EXERCISE BRIEF>
A verbatim copy of all the data is required; the pictures should not appear in it.

DATA SHOWN>
━━━━━━━━━━

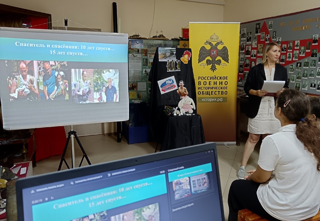 В этот день для обучающихся МКОУ СОШ №1 ст. Курской Балахтиной А.В., директором кинотеатра «Восток», членом Местного отделения РО РВИО СК в Курском муниципальном округе (председатель – Жулина Г.В.), был организован показан документального фильма «Герои. Честные истории». Кинолента была создана при поддержке РВИО. В ней раскрываются четыре истории о героях нашей Родины, один из которых – участник событий в Беслане.
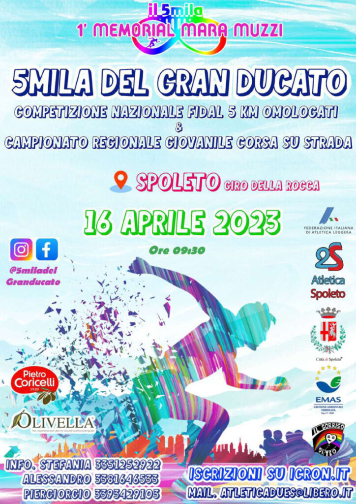 La. A.S.D. 2S Atletica Spoleto, con il patrocinio del Comune di Spoleto ed in collaborazione col Comitato Regionale Fidal Umbria, organizza domenica 16 aprile la manifestazione di atletica leggera di corsa su strada “IL 5MILA DEL GRANDUCATO”, I Trofeo Città di Spoleto e I Memorial Mara Muzzi.
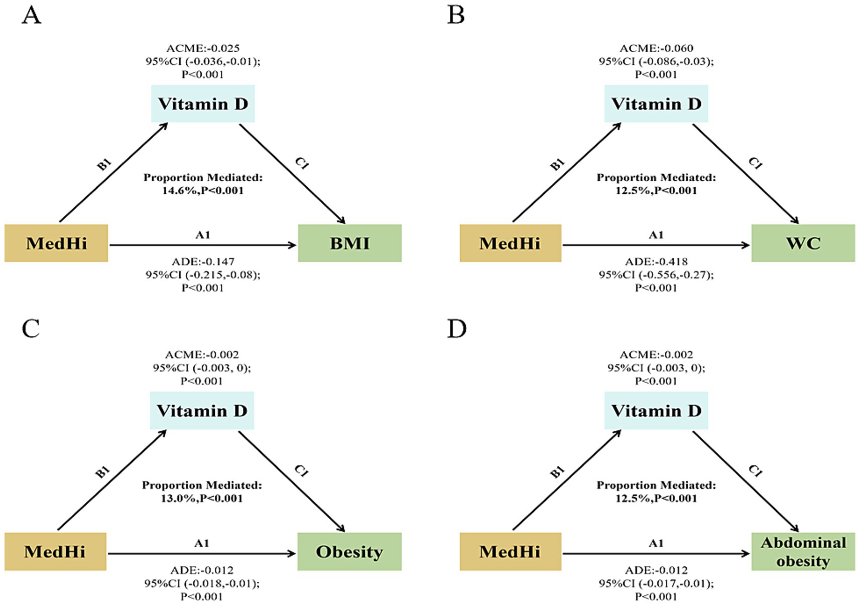 Mediation analyses were conducted to assess the potential mediation effects of serum vitamin D on the relationships between dietary intake of live microbes and various obesity-related metrics. The analysis revealed significant mediation effects of serum vitamin D on the associations with BMI, WC, obesity, and abdominal obesity. The proportions of mediation were 14.6, 12.5, 13.0, and 12.5% respectively, all achieving statistical significance (p < 0.001), as shown in Figures 6A–D. To evaluate the role of vitamin D in the interaction between MedHi intake and obesity metrics, mediation models were thoroughly adjusted for a comprehensive set of variables. These included age, sex, race, education, smoking status, drinking status, PIR and recreational activity, energy intake (kcal/day), CHOL, TG, HbA1c, uric acid, diabetes, hypertension, CVD, and months of blood collection and dietary vitamin D intake.

━━━━━━━━━━

TASK RESULT>
 В этот день для обучающихся МКОУ СОШ №1 ст. Курской Балахтиной А.В., директором кинотеатра «Восток», членом Местного отделения РО РВИО СК в Курском муниципальном округе (председатель – Жулина Г.В.), был организован показан документального фильма «Герои. Честные истории». Кинолента была создана при поддержке РВИО. В ней раскрываются четыре истории о героях нашей Родины, один из которых – участник событий в Беслане.
 La. A.S.D. 2S Atletica Spoleto, con il patrocinio del Comune di Spoleto ed in collaborazione col Comitato Regionale Fidal Umbria, organizza domenica 16 aprile la manifestazione di atletica leggera di corsa su strada “IL 5MILA DEL GRANDUCATO”, I Trofeo Città di Spoleto e I Memorial Mara Muzzi.
 Mediation analyses were conducted to assess the potential mediation effects of serum vitamin D on the relationships between dietary intake of live microbes and various obesity-related metrics. The analysis revealed significant mediation effects of serum vitamin D on the associations with BMI, WC, obesity, and abdominal obesity. The proportions of mediation were 14.6, 12.5, 13.0, and 12.5% respectively, all achieving statistical significance (p < 0.001), as shown in Figures 6A–D. To evaluate the role of vitamin D in the interaction between MedHi intake and obesity metrics, mediation models were thoroughly adjusted for a comprehensive set of variables. These included age, sex, race, education, smoking status, drinking status, PIR and recreational activity, energy intake (kcal/day), CHOL, TG, HbA1c, uric acid, diabetes, hypertension, CVD, and months of blood collection and dietary vitamin D intake.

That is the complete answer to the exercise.